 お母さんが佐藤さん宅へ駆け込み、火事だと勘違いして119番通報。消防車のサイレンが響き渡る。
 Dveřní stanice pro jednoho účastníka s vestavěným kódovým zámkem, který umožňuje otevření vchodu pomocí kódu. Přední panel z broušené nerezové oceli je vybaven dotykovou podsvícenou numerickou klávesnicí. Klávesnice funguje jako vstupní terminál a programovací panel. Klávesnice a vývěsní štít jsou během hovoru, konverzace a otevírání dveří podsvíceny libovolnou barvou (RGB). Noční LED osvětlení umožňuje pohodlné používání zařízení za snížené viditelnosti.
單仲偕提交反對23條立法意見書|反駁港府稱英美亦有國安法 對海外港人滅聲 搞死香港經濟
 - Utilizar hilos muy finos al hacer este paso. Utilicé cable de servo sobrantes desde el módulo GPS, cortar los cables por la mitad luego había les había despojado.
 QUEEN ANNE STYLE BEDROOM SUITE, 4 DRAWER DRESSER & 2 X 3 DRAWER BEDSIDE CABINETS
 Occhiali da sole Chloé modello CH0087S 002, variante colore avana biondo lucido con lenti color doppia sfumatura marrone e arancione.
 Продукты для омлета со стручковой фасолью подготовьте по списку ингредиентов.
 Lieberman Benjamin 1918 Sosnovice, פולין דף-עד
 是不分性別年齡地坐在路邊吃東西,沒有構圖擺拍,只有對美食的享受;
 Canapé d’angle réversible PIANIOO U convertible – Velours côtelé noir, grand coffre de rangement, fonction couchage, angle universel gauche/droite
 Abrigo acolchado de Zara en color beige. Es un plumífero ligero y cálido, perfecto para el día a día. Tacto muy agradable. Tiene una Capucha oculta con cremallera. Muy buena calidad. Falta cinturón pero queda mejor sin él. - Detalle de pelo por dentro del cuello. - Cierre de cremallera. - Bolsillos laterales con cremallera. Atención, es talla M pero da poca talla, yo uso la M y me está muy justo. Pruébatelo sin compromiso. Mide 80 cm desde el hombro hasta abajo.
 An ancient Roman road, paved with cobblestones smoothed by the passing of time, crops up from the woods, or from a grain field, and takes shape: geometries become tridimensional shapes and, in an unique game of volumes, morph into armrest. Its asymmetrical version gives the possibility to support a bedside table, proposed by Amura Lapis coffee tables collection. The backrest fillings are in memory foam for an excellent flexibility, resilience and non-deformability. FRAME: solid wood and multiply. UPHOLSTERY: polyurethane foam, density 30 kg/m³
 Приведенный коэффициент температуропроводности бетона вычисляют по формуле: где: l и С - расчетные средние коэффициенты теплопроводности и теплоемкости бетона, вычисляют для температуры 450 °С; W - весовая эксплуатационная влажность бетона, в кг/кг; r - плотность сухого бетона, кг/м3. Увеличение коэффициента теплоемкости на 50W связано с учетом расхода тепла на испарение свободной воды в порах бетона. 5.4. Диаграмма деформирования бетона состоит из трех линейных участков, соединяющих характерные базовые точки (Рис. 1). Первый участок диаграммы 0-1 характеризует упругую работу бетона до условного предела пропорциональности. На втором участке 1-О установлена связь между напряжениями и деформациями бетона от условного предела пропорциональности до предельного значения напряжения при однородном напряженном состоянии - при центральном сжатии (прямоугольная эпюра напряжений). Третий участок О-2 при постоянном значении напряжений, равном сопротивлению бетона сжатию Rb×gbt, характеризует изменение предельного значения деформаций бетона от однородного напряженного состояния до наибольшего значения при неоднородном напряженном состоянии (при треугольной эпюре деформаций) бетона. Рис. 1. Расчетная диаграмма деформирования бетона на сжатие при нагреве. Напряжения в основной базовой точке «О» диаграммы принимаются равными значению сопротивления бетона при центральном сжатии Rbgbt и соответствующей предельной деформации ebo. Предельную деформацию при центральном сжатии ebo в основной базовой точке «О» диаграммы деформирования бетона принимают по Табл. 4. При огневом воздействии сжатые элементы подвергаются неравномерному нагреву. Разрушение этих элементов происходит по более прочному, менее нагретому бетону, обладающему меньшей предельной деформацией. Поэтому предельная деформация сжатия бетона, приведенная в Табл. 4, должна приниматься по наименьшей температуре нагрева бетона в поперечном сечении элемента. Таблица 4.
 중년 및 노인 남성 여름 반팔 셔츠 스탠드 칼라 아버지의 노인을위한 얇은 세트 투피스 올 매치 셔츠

====

What you give back should be exactly the lines of the data above from the line with "單仲偕提交反對23條立法意見書|反駁港府稱英美亦有國安法 對海外港人滅聲 搞死香港經濟" through the line with "QUEEN ANNE STYLE", both of those included, and nothing more.

**RESULT:**
單仲偕提交反對23條立法意見書|反駁港府稱英美亦有國安法 對海外港人滅聲 搞死香港經濟
 - Utilizar hilos muy finos al hacer este paso. Utilicé cable de servo sobrantes desde el módulo GPS, cortar los cables por la mitad luego había les había despojado.
 QUEEN ANNE STYLE BEDROOM SUITE, 4 DRAWER DRESSER & 2 X 3 DRAWER BEDSIDE CABINETS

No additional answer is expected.